*The input:*
Content starts

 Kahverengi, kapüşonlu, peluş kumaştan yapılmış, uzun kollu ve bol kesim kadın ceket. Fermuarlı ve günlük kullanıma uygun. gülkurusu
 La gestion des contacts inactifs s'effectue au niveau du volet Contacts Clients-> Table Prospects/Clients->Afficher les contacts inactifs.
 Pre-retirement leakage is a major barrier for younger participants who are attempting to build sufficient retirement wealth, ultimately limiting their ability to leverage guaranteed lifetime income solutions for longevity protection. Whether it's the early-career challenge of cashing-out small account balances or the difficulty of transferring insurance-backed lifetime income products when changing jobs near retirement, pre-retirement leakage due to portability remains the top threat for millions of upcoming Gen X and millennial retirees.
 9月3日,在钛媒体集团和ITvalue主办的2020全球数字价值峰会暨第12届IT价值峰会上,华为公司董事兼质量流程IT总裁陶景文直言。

Content ends
Content starts

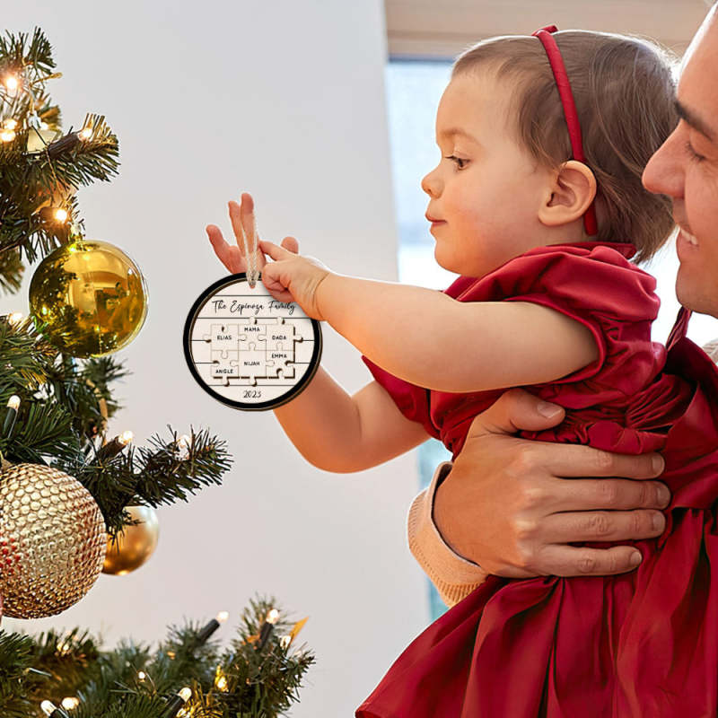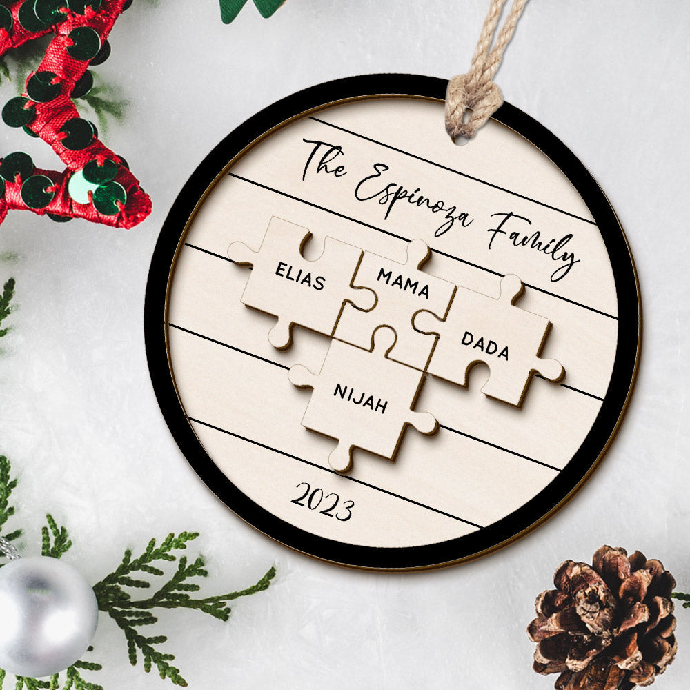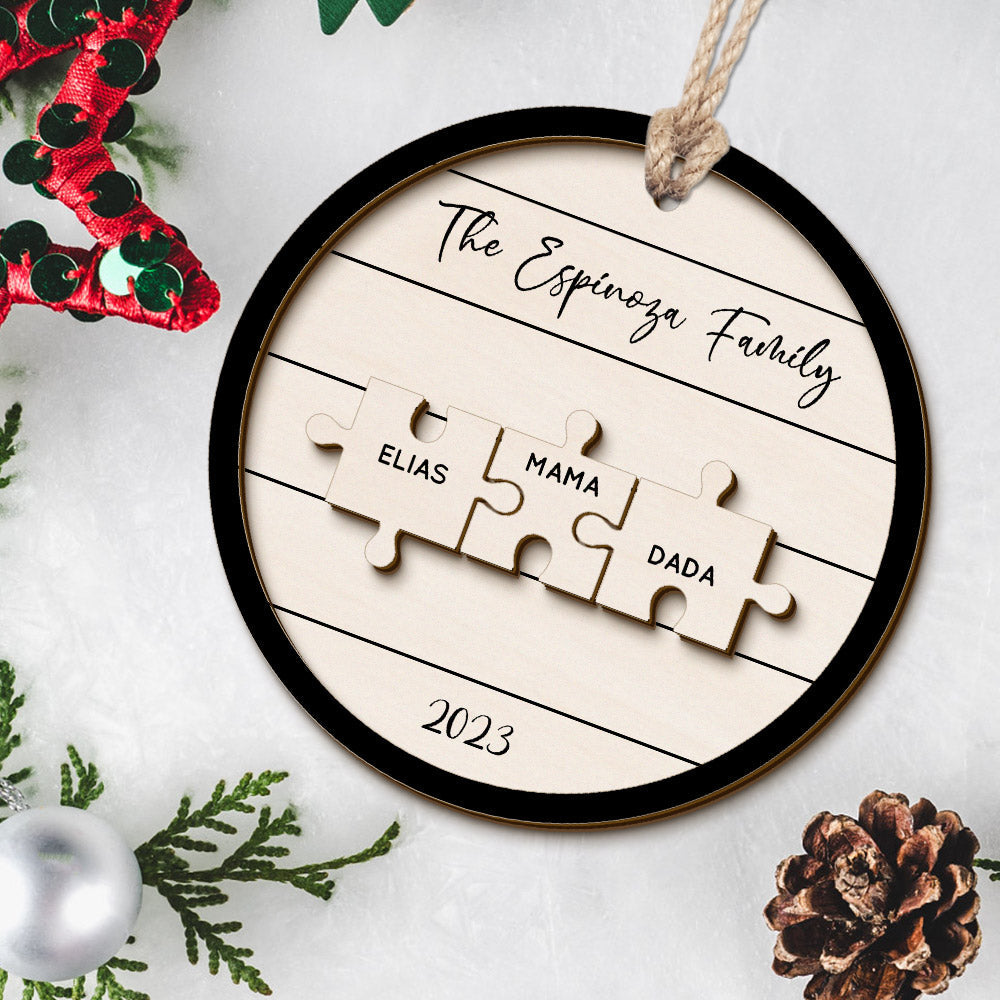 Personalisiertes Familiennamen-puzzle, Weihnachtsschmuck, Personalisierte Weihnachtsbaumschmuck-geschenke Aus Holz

Content ends

*Assignment:*
Starting with the line with "Pre-retirement leakage is" above and going on through the line with "9月3日,在钛媒体集团和IT", transcribe every line exactly, both ends included, and add nothing.

*Response area:*
 Pre-retirement leakage is a major barrier for younger participants who are attempting to build sufficient retirement wealth, ultimately limiting their ability to leverage guaranteed lifetime income solutions for longevity protection. Whether it's the early-career challenge of cashing-out small account balances or the difficulty of transferring insurance-backed lifetime income products when changing jobs near retirement, pre-retirement leakage due to portability remains the top threat for millions of upcoming Gen X and millennial retirees.
 9月3日,在钛媒体集团和ITvalue主办的2020全球数字价值峰会暨第12届IT价值峰会上,华为公司董事兼质量流程IT总裁陶景文直言。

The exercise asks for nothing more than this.